**What this task involves:** Repeat the data that follows in full. Do not include the pictures.

**Recorded data:**
********************
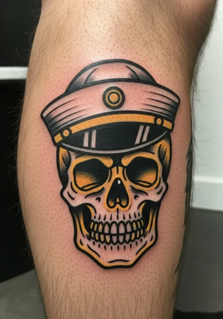This tattoo shows off a perfectly executed skull wearing a classic sailor hat, done in thick black outlines and bold gold shading. Placed on the calf, it has that old-school charm that screams traditional tattooing. The colors are warm and solid, giving it that nostalgic tattoo flash look that never goes out of style.
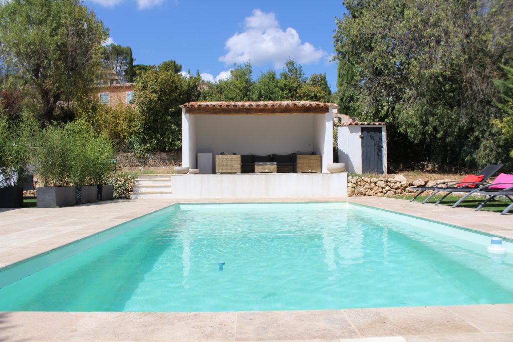 Der Pool kann von den Gästen mitgenutzt werden. Hier befindet sich auch ein Poolhouse mit Gartenliegen und Gasgrill.
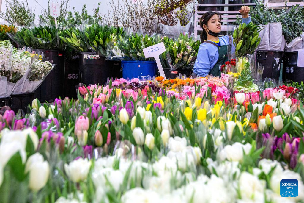 A vendor arranges flowers from southwest China's Yunnan province at the Pak Khlong Talat flower market in Bangkok, Thailand, Feb. 21, 2023.
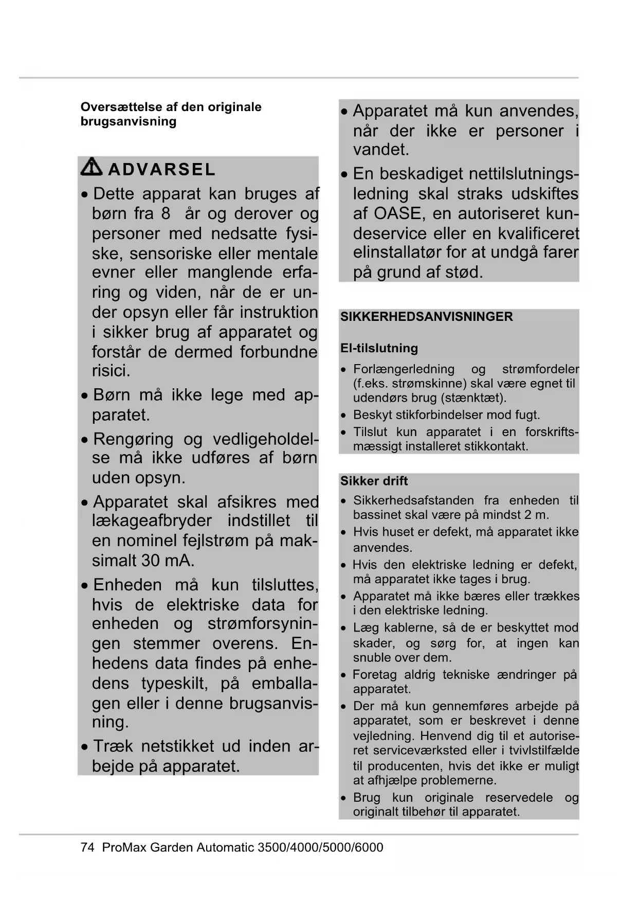 Med dit køb af ProMax Garden Automa- tic 3500/4000/5000/6000 har du truffet et godt valg. Inden du bruger apparatet første gang, er det vigtigt, at du læser brugsanvisningen grundigt igennem og gør dig fortrolig med apparatet. Alle arbejder på og med dette apparat må kun udføres iht. foreliggende vejledning. Sikkerhedshenvisningerne skal ubetinget overholdes for korrekt og sikker anven- delse. Opbevar denne brugsanvisning omhyg- geligt. Ved ejerskifte, videregiv venligst brugsanvisningen. Advarselshenvisninger i denne vejledning Advarsler Advarslerne i denne vejledning er klassi- ficeret med signalord, der angiver farens omfang. ADVARSEL
********************
**Exercise output:**
This tattoo shows off a perfectly executed skull wearing a classic sailor hat, done in thick black outlines and bold gold shading. Placed on the calf, it has that old-school charm that screams traditional tattooing. The colors are warm and solid, giving it that nostalgic tattoo flash look that never goes out of style.
 Der Pool kann von den Gästen mitgenutzt werden. Hier befindet sich auch ein Poolhouse mit Gartenliegen und Gasgrill.
 A vendor arranges flowers from southwest China's Yunnan province at the Pak Khlong Talat flower market in Bangkok, Thailand, Feb. 21, 2023.
 Med dit køb af ProMax Garden Automa- tic 3500/4000/5000/6000 har du truffet et godt valg. Inden du bruger apparatet første gang, er det vigtigt, at du læser brugsanvisningen grundigt igennem og gør dig fortrolig med apparatet. Alle arbejder på og med dette apparat må kun udføres iht. foreliggende vejledning. Sikkerhedshenvisningerne skal ubetinget overholdes for korrekt og sikker anven- delse. Opbevar denne brugsanvisning omhyg- geligt. Ved ejerskifte, videregiv venligst brugsanvisningen. Advarselshenvisninger i denne vejledning Advarsler Advarslerne i denne vejledning er klassi- ficeret med signalord, der angiver farens omfang. ADVARSEL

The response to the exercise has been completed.